◆ EXERCISE GOAL ◆
Repeat the entries below exactly and in full.
● ● ● ● ●
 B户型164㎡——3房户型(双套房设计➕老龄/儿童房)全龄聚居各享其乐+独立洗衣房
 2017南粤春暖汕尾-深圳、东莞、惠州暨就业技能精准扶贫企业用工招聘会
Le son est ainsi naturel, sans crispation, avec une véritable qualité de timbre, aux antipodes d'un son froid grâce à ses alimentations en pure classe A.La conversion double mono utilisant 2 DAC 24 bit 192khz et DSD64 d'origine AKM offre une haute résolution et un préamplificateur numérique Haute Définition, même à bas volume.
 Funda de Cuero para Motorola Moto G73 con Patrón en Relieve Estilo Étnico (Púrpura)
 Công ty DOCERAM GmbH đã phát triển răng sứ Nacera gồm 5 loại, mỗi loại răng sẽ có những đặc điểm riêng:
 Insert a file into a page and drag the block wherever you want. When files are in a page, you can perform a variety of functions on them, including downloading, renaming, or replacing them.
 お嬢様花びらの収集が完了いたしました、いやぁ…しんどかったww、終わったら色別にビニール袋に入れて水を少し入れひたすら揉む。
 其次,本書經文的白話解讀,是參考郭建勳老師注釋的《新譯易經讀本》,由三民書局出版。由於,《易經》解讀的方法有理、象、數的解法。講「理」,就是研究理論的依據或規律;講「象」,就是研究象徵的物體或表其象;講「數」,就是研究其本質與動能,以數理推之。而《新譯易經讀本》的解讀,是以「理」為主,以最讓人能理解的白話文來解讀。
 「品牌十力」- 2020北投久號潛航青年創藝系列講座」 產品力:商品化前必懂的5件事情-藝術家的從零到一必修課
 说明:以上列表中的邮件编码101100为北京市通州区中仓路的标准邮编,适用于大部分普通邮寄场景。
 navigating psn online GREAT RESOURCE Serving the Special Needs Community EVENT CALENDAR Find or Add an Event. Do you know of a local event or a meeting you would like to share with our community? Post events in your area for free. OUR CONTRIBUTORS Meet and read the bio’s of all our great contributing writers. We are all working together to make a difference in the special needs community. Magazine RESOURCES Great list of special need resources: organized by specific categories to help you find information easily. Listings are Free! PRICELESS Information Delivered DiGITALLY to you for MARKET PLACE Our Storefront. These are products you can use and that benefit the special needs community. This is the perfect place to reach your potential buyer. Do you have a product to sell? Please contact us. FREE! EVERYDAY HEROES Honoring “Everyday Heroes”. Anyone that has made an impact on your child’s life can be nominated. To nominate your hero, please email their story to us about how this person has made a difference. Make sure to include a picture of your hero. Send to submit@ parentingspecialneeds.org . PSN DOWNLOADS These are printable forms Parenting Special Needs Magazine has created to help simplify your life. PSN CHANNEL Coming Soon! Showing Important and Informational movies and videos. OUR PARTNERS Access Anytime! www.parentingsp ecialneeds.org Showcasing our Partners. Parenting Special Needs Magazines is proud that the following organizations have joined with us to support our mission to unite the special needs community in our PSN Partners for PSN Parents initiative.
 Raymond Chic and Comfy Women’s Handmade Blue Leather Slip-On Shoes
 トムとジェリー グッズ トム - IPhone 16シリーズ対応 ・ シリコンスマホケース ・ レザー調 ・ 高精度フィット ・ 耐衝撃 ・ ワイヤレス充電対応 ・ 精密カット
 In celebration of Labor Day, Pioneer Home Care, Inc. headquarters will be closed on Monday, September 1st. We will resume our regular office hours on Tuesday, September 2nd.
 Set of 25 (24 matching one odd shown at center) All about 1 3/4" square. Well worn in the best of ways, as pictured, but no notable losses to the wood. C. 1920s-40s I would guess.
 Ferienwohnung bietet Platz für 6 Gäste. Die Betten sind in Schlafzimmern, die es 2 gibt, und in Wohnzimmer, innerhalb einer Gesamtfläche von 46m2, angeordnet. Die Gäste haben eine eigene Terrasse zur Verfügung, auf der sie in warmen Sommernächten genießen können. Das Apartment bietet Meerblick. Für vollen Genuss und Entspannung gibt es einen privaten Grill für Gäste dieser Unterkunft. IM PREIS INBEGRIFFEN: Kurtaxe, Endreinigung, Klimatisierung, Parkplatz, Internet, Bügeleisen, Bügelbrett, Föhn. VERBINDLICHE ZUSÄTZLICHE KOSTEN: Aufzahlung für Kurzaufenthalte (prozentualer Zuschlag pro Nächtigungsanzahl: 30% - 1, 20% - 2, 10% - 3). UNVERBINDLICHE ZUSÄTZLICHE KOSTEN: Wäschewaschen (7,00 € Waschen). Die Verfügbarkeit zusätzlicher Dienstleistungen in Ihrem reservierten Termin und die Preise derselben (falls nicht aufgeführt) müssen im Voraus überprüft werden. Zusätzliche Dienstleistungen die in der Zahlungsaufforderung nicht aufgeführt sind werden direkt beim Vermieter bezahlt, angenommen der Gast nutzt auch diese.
● ● ● ● ●
◆ TASK ANSWER ◆
 B户型164㎡——3房户型(双套房设计➕老龄/儿童房)全龄聚居各享其乐+独立洗衣房
 2017南粤春暖汕尾-深圳、东莞、惠州暨就业技能精准扶贫企业用工招聘会
Le son est ainsi naturel, sans crispation, avec une véritable qualité de timbre, aux antipodes d'un son froid grâce à ses alimentations en pure classe A.La conversion double mono utilisant 2 DAC 24 bit 192khz et DSD64 d'origine AKM offre une haute résolution et un préamplificateur numérique Haute Définition, même à bas volume.
 Funda de Cuero para Motorola Moto G73 con Patrón en Relieve Estilo Étnico (Púrpura)
 Công ty DOCERAM GmbH đã phát triển răng sứ Nacera gồm 5 loại, mỗi loại răng sẽ có những đặc điểm riêng:
 Insert a file into a page and drag the block wherever you want. When files are in a page, you can perform a variety of functions on them, including downloading, renaming, or replacing them.
 お嬢様花びらの収集が完了いたしました、いやぁ…しんどかったww、終わったら色別にビニール袋に入れて水を少し入れひたすら揉む。
 其次,本書經文的白話解讀,是參考郭建勳老師注釋的《新譯易經讀本》,由三民書局出版。由於,《易經》解讀的方法有理、象、數的解法。講「理」,就是研究理論的依據或規律;講「象」,就是研究象徵的物體或表其象;講「數」,就是研究其本質與動能,以數理推之。而《新譯易經讀本》的解讀,是以「理」為主,以最讓人能理解的白話文來解讀。
 「品牌十力」- 2020北投久號潛航青年創藝系列講座」 產品力:商品化前必懂的5件事情-藝術家的從零到一必修課
 说明:以上列表中的邮件编码101100为北京市通州区中仓路的标准邮编,适用于大部分普通邮寄场景。
 navigating psn online GREAT RESOURCE Serving the Special Needs Community EVENT CALENDAR Find or Add an Event. Do you know of a local event or a meeting you would like to share with our community? Post events in your area for free. OUR CONTRIBUTORS Meet and read the bio’s of all our great contributing writers. We are all working together to make a difference in the special needs community. Magazine RESOURCES Great list of special need resources: organized by specific categories to help you find information easily. Listings are Free! PRICELESS Information Delivered DiGITALLY to you for MARKET PLACE Our Storefront. These are products you can use and that benefit the special needs community. This is the perfect place to reach your potential buyer. Do you have a product to sell? Please contact us. FREE! EVERYDAY HEROES Honoring “Everyday Heroes”. Anyone that has made an impact on your child’s life can be nominated. To nominate your hero, please email their story to us about how this person has made a difference. Make sure to include a picture of your hero. Send to submit@ parentingspecialneeds.org . PSN DOWNLOADS These are printable forms Parenting Special Needs Magazine has created to help simplify your life. PSN CHANNEL Coming Soon! Showing Important and Informational movies and videos. OUR PARTNERS Access Anytime! www.parentingsp ecialneeds.org Showcasing our Partners. Parenting Special Needs Magazines is proud that the following organizations have joined with us to support our mission to unite the special needs community in our PSN Partners for PSN Parents initiative.
 Raymond Chic and Comfy Women’s Handmade Blue Leather Slip-On Shoes
 トムとジェリー グッズ トム - IPhone 16シリーズ対応 ・ シリコンスマホケース ・ レザー調 ・ 高精度フィット ・ 耐衝撃 ・ ワイヤレス充電対応 ・ 精密カット
 In celebration of Labor Day, Pioneer Home Care, Inc. headquarters will be closed on Monday, September 1st. We will resume our regular office hours on Tuesday, September 2nd.
 Set of 25 (24 matching one odd shown at center) All about 1 3/4" square. Well worn in the best of ways, as pictured, but no notable losses to the wood. C. 1920s-40s I would guess.
 Ferienwohnung bietet Platz für 6 Gäste. Die Betten sind in Schlafzimmern, die es 2 gibt, und in Wohnzimmer, innerhalb einer Gesamtfläche von 46m2, angeordnet. Die Gäste haben eine eigene Terrasse zur Verfügung, auf der sie in warmen Sommernächten genießen können. Das Apartment bietet Meerblick. Für vollen Genuss und Entspannung gibt es einen privaten Grill für Gäste dieser Unterkunft. IM PREIS INBEGRIFFEN: Kurtaxe, Endreinigung, Klimatisierung, Parkplatz, Internet, Bügeleisen, Bügelbrett, Föhn. VERBINDLICHE ZUSÄTZLICHE KOSTEN: Aufzahlung für Kurzaufenthalte (prozentualer Zuschlag pro Nächtigungsanzahl: 30% - 1, 20% - 2, 10% - 3). UNVERBINDLICHE ZUSÄTZLICHE KOSTEN: Wäschewaschen (7,00 € Waschen). Die Verfügbarkeit zusätzlicher Dienstleistungen in Ihrem reservierten Termin und die Preise derselben (falls nicht aufgeführt) müssen im Voraus überprüft werden. Zusätzliche Dienstleistungen die in der Zahlungsaufforderung nicht aufgeführt sind werden direkt beim Vermieter bezahlt, angenommen der Gast nutzt auch diese.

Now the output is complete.